A recent post described preliminary integration of the Molecular Materials Informatics toolkit with KNIME. Further to that objective, some more developments are coming through within the toolkit itself, being used independently of any third party tools: in particular, a way to execute pre-existing workflows with the benefit of a visual interface.
First of all, there is still no user interface for actually editing the workflow files that are used by the toolkit’s pipelining infrastructure. For the moment the only way to design an operation-based workflow for streaming cheminformatics tables from one node to the next is to edit the raw XML file with a text editor, a process that looks something like this:
Obviously this is acceptable only for programmers, and ideally only the subset of them who are intimately familiar with the underlying source code. However, this is not quite as much of a limitation as it may seem, since this workflow system was always intended to be used repeatedly, i.e. design a workflow script to turn A into B, using some collection of steps strung together, and then re-run the script on the same source data or anything else that it applies to. These workflow scripts can be created by an expert, and distributed or customised as necessary.
Scenarios that spring to mind are tasks like washing structures, removing duplicates, calculating properties, sorting, etc. These are very routine tasks in cheminformatics – routine in the sense that they need to be run frequently – but there are so many details that vary depending on circumstances that it is not always straightforward. Being able to easily tailor a specific action sequence involving a series of algorithms, each with its own parameters, is necessary to avoid a lot of manual tedium, and also excellent for repeatability (because if you keep the workflow definition and the original file, you don’t need to remember what you did to it).
A single workflow definition consists of a list of nodes, each one of which invokes a well defined operation, which corresponds to one of the underlying Java classes that conforms to the protocol. These can either be core operations, or anything else that got lumped into the classpath. The nodes are connected together by input/output ports, in a manner that is familiar to any other pipelining software.
There is a special section at the beginning of the XML specification for metadata, and of particular interest are global parameters: these are intended to be provided by the user at runtime, rather than being encoded into the workflow itself. The most common use of these parameters will be things like filenames for input/output, and various configuration options, or in some cases higher order objects (e.g. a molecule to rank similarity to). In a simple contrived example, the file wash.workflow defines two global parameters:
Both Input File and Output File can be specified by the user, in this simple preparation dialog box.
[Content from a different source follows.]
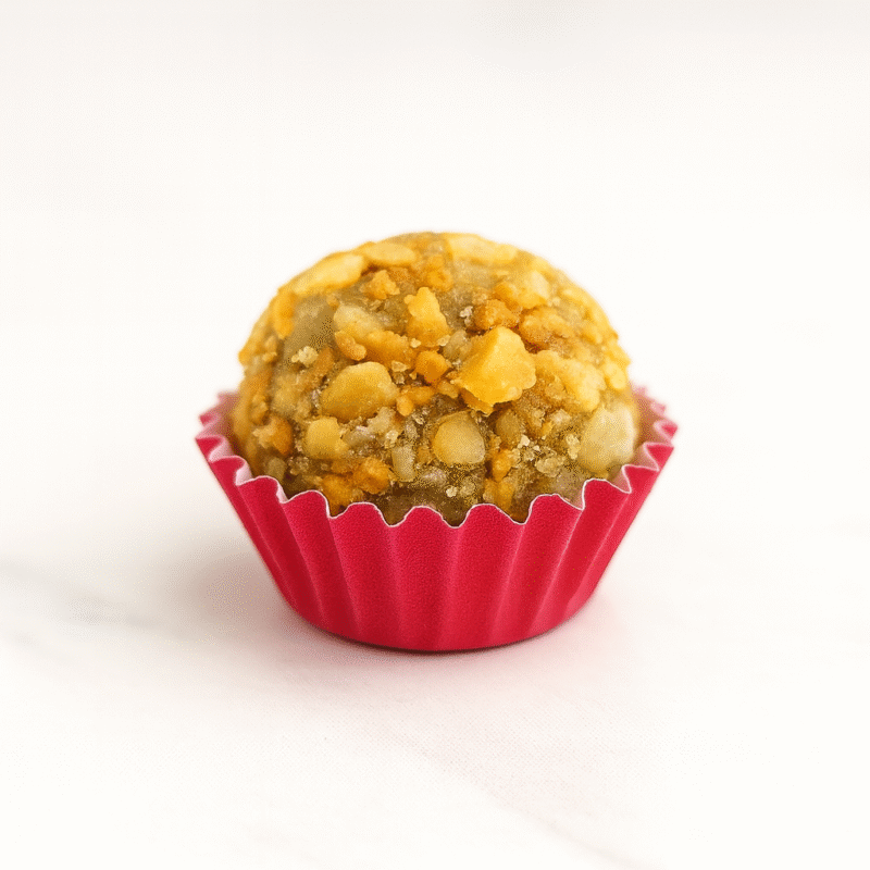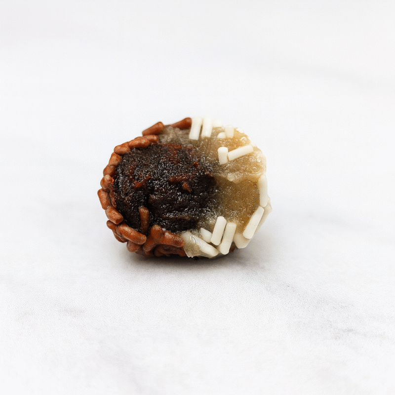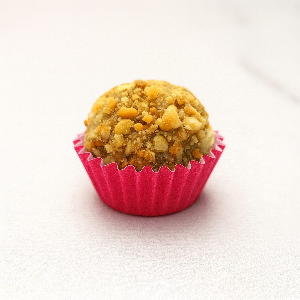 Ingredientes: castanha de caju, açúcar, nozes, chocolate branco (açúcar, manteiga de cacau, gordura vegetal, leite de coco, maltodextrina, farinha de arroz, fibra de tapioca, emulsificante lecitina de girassol e aromatizante).
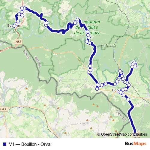 Click here to view the nearest V1 - Bouillon - Orval bus stop.

They can also be provided using the command line, which either becomes the default option (visual) or the final parameter (when running non-interactively).
Hitting the Execute button brings up a moderately detailed view into what is going on in the workflow:
It may not yet be the most beautiful progress screen, but it informs us that the workflow is made up of 5 nodes, and provides information about how much work each one has done so far. Since this is a true-streaming infrastructure, and most of the operation types are non-blocking, it means that in simple workflows like this one, all of the nodes are running simultaneously. Whenever the supply vs. demand is not perfectly balanced, one or more of the nodes are sitting around waiting to be fed, or waiting for their output buffers to become unblocked.
In the above example, there are two nodes that generate final output content: one of them writes the molecules that have been parsed & washed during the previous steps. When the node is completed, the output file can be launched and viewed on the desktop – in this case, using the XMDS app, which is the default viewer for datasheets:
The honeycomb operation is slightly different, because rather than outputting or writing a molecular datasheet – the universal datatype in this software stack – it creates a vector graphics instance, which is essentially a recipe for converting lines, shapes, text, etc., into some format that can be consumed by presentation software. Clicking on its button brings up a preview:
The preview dialog allows the content to be saved in various different formats, 3 of them vector graphics (PDF, SVG, EPS) and one bitmap (PNG).
At the present time, the core Molecular Materials Informatics toolkit is not actually available as a product – you can’t go to a store and buy it – but like all works in progress, there is a roadmap with plenty of milestones, including imminent use by some of my regular collaborators. Because the toolkit is written in Java, it means it can run on any modern desktop/server platform, and most of the functionality is headless, which means it can provide back-end muscle. The feature set is being tailored so that it complements more readily user-facing tools like various apps (MMDS, GLN, etc.) and XMDS on Mac laptop/desktop workstations: there are various integration techniques in the works.